### Data entries
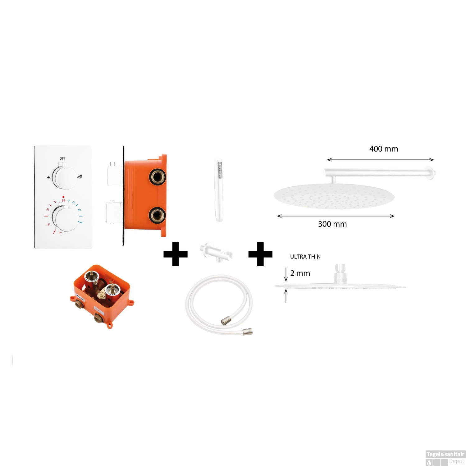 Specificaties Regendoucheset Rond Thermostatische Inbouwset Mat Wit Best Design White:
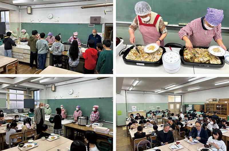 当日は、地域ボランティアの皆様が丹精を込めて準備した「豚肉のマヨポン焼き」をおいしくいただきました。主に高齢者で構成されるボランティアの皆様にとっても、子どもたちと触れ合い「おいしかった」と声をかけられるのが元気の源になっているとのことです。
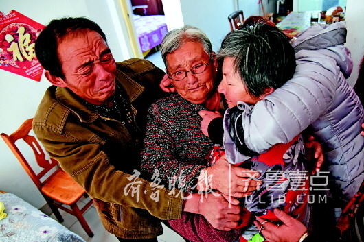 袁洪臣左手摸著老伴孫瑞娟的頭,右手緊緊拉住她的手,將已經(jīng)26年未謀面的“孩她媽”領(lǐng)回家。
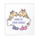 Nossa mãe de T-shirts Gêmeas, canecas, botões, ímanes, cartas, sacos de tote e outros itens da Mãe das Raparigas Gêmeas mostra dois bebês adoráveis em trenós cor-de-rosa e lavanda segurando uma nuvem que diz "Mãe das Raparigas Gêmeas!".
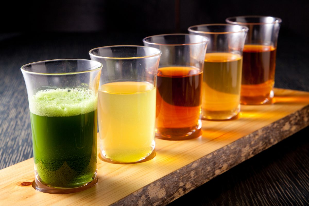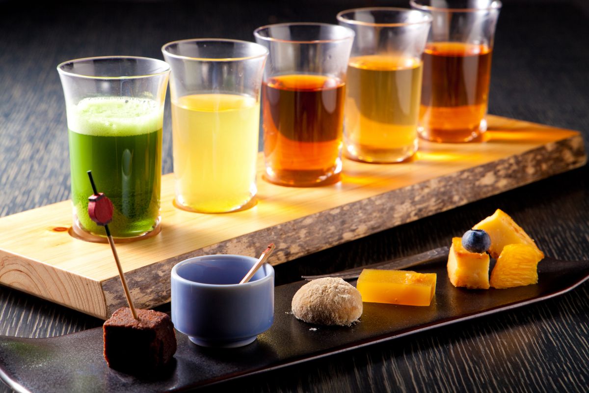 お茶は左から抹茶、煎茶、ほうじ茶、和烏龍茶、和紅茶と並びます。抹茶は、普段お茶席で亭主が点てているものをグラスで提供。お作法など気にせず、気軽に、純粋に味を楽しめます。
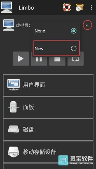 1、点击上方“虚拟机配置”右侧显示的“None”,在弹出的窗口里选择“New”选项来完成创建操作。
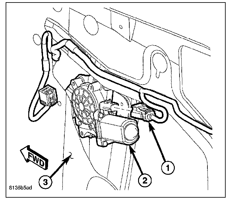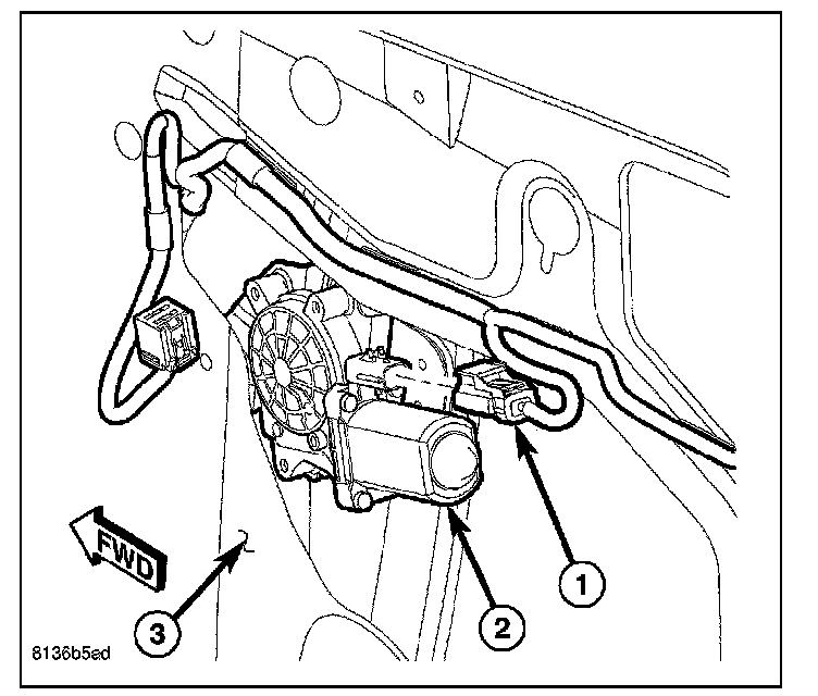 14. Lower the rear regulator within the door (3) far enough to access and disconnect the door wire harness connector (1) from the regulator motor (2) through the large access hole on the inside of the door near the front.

--

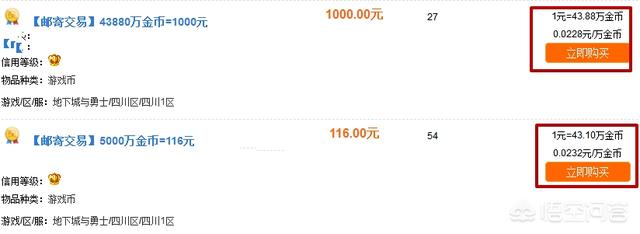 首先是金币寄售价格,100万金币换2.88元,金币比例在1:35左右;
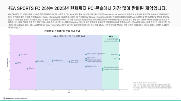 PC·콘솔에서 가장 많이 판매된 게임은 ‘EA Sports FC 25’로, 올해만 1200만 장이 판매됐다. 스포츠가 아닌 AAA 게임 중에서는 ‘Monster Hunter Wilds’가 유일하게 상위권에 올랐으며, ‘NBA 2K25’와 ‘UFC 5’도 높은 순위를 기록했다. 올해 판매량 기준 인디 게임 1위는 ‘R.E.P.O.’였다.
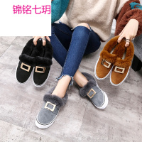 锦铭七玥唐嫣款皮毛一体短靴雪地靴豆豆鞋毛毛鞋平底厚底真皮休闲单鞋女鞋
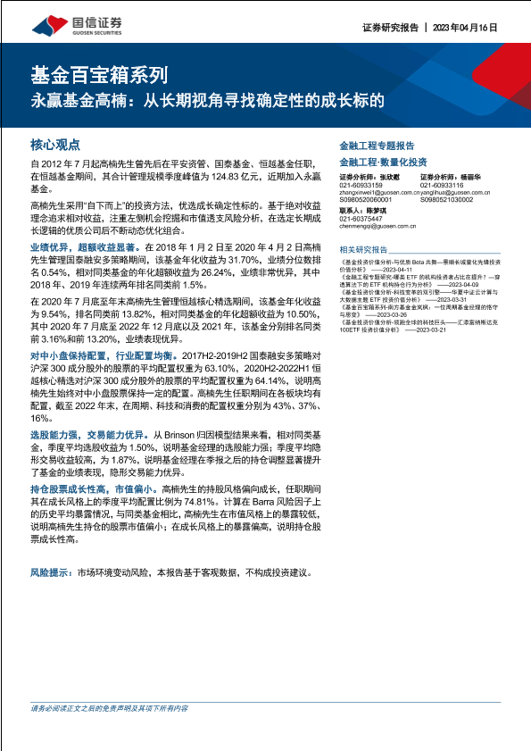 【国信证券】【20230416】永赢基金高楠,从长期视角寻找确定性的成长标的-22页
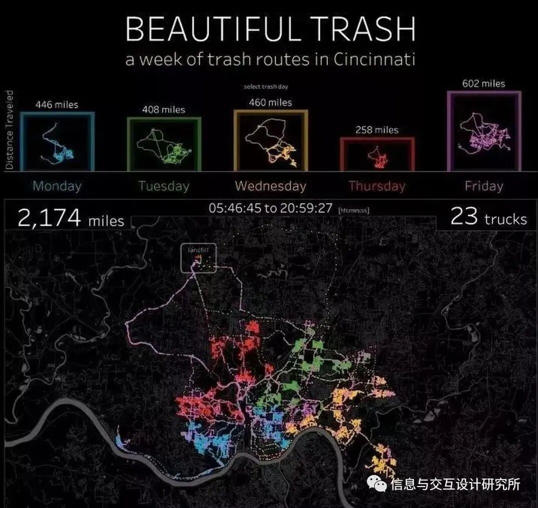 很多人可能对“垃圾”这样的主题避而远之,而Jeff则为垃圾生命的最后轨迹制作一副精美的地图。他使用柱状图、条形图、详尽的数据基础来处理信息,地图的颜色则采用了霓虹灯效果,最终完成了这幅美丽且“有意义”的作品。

### What you have to do
Reproduce exactly the lines of the data above that run from the line with "当日は、地域ボランティアの皆" down to the line with "14. Lower the", both ends included. Pictures do not belong in the copy.

### Output
 当日は、地域ボランティアの皆様が丹精を込めて準備した「豚肉のマヨポン焼き」をおいしくいただきました。主に高齢者で構成されるボランティアの皆様にとっても、子どもたちと触れ合い「おいしかった」と声をかけられるのが元気の源になっているとのことです。
 袁洪臣左手摸著老伴孫瑞娟的頭,右手緊緊拉住她的手,將已經(jīng)26年未謀面的“孩她媽”領(lǐng)回家。
 Nossa mãe de T-shirts Gêmeas, canecas, botões, ímanes, cartas, sacos de tote e outros itens da Mãe das Raparigas Gêmeas mostra dois bebês adoráveis em trenós cor-de-rosa e lavanda segurando uma nuvem que diz "Mãe das Raparigas Gêmeas!".
 お茶は左から抹茶、煎茶、ほうじ茶、和烏龍茶、和紅茶と並びます。抹茶は、普段お茶席で亭主が点てているものをグラスで提供。お作法など気にせず、気軽に、純粋に味を楽しめます。
 1、点击上方“虚拟机配置”右侧显示的“None”,在弹出的窗口里选择“New”选项来完成创建操作。
 14. Lower the rear regulator within the door (3) far enough to access and disconnect the door wire harness connector (1) from the regulator motor (2) through the large access hole on the inside of the door near the front.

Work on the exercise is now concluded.